Tuesday 9 December 2008

Get Well Soon - Listen EP


(Muso's Guide, December 9, 2008)

Single Review

Another day in December, another Christmas release. This time from German singer, songwriter and instrumentalist Konstantin Gropper, aka Get Well Soon. What Christmas songs are made of is anyone’s guess. Will it mention the word ‘Christmas’? Ideally. Should it be packed with comfort and joy? Not necessarily. What about the baby Jesus, should he be in there? You’re not in church now, mate. Get Well Soon do a sterling job of representing the secular side of Christmas, starting with opener ‘Listen! Those Lost At Sea Sing A Song On Christmas Day’. Bringing out the big Radiohead guns, all elegiac lyrics and full of aching wonder, this track easily forges the link between intelligent rock and - bizarrely - festive music. The lyric is beseeching, a crew on the verge of madness - “just believe they’re after us” - giving a sense of disturbed minds, and a removal from reality thanks to the shipwreck. Ho ho ho.
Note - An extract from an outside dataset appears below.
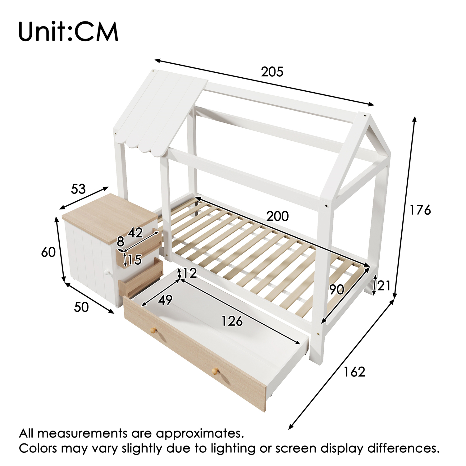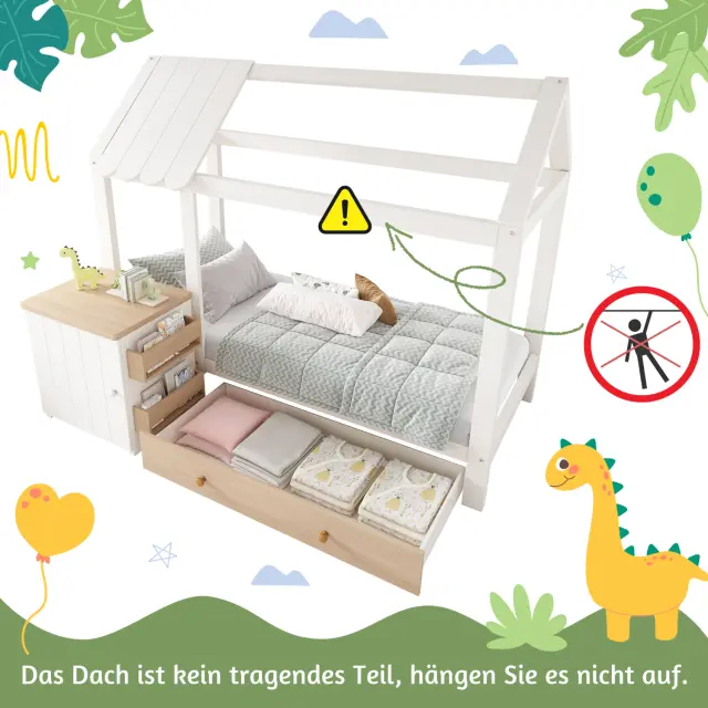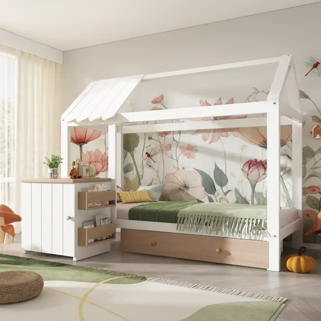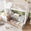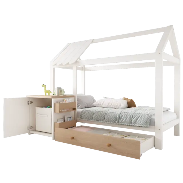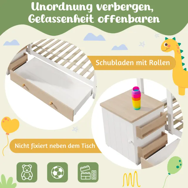 Postelja za hišo, otroška postelja 90x200cm, masiven les s predali in nočno omarico - talna postelja bela/hrast

Second track ‘Christmas in Adventure Parks’ is festivity-laden from the off, complete with Christmas bells and a smattering of Tindersticks, Phantom Planet and Muse - and all the festive fun that entails. But the guitar work is truly enjoyable, and there’s a great tune lingering subtly behind the layers.

On ‘It’s A Race For Our New Home’, there is a foreboding which has been hinted at elsewhere on the EP. Gropper’s vocal reflects mourning, whilst the lyrical matter has taken an evermore darker turn in the nominal ‘race’ - “The first one to own is the first one to kill”. The music takes the form of a dirge, layered with vocals. Told almost like a cautionary folk tale, it strikes a chill into the festive heart. But if that is dark, it’s nothing compared to EP closer ‘We Are Cannibal Corpse’. Beginning with a percussive skeleton scale, this is the most Muse of all the tracks on display here. The choral implications of the start give way to Get Well Soon’s take on ‘Space Dementia’, sharing tempo and drum sounds with that Muse track from 2003’s Origin of Symmetry. Gropper tries something quite special with the backing vocals which makes it just that little bit different, but overall, it’s not an altogether new sound.

As far as festive records go, this is about as seasonal as Christmas Hits From Norman Bates’ Personal Collection but it is beautiful and strange and Get Well Soon are obviously something very special indeed. Cannibal corpses and lost shipwrecked souls - so that’s what Christmas songs are made of.